Input records:
····················
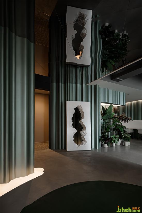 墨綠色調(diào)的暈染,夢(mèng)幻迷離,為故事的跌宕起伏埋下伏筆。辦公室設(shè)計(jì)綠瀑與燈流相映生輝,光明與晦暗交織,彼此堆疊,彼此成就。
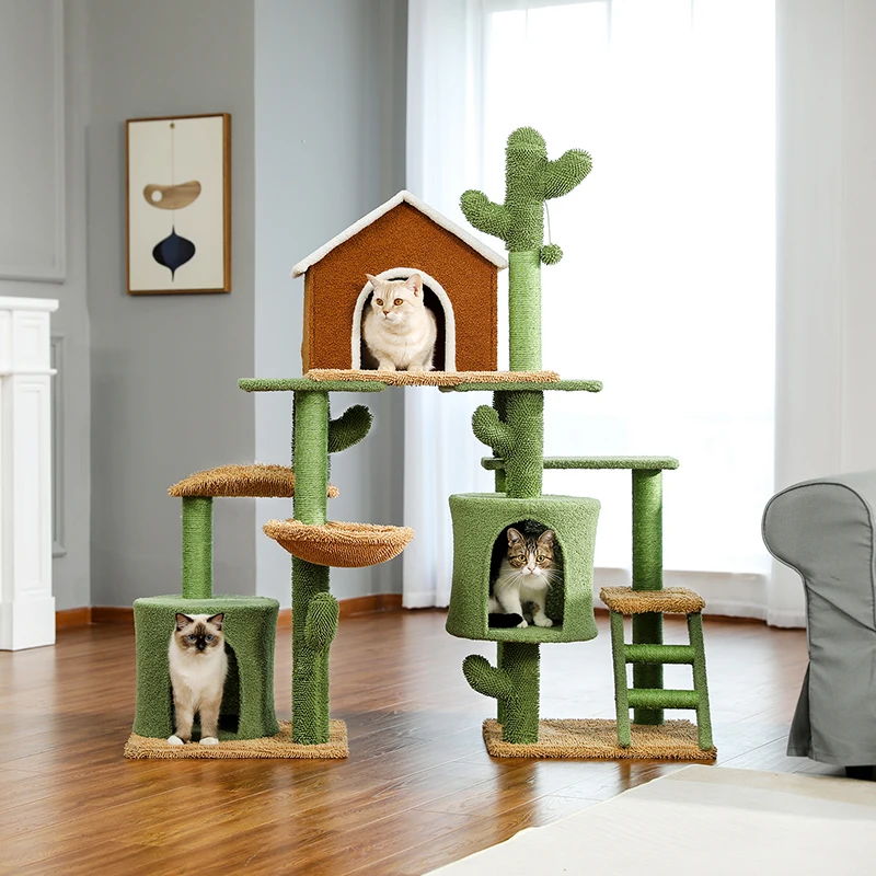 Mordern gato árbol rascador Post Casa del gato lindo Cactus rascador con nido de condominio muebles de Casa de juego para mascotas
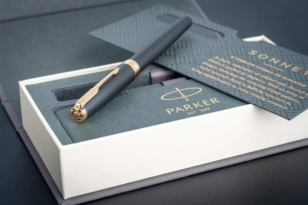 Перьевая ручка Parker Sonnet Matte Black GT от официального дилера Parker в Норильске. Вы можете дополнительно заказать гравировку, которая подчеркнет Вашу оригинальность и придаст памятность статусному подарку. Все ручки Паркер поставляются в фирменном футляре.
····················
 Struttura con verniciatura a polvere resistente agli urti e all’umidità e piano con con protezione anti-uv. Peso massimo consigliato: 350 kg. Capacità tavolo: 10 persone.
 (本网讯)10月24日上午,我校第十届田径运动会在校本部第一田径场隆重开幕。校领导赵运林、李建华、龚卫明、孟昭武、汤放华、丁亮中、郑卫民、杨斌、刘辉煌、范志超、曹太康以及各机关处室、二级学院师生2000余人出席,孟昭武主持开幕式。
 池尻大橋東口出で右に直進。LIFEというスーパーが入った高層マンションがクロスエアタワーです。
····················
Task item: Above are entries with pictures among them. Write out exactly the lines from the one containing "墨綠色調(diào)的暈染,夢(mèng" through the one containing "Mordern gato árbol", ends included, and leave those pictures out.

Task output:
 墨綠色調(diào)的暈染,夢(mèng)幻迷離,為故事的跌宕起伏埋下伏筆。辦公室設(shè)計(jì)綠瀑與燈流相映生輝,光明與晦暗交織,彼此堆疊,彼此成就。
 Mordern gato árbol rascador Post Casa del gato lindo Cactus rascador con nido de condominio muebles de Casa de juego para mascotas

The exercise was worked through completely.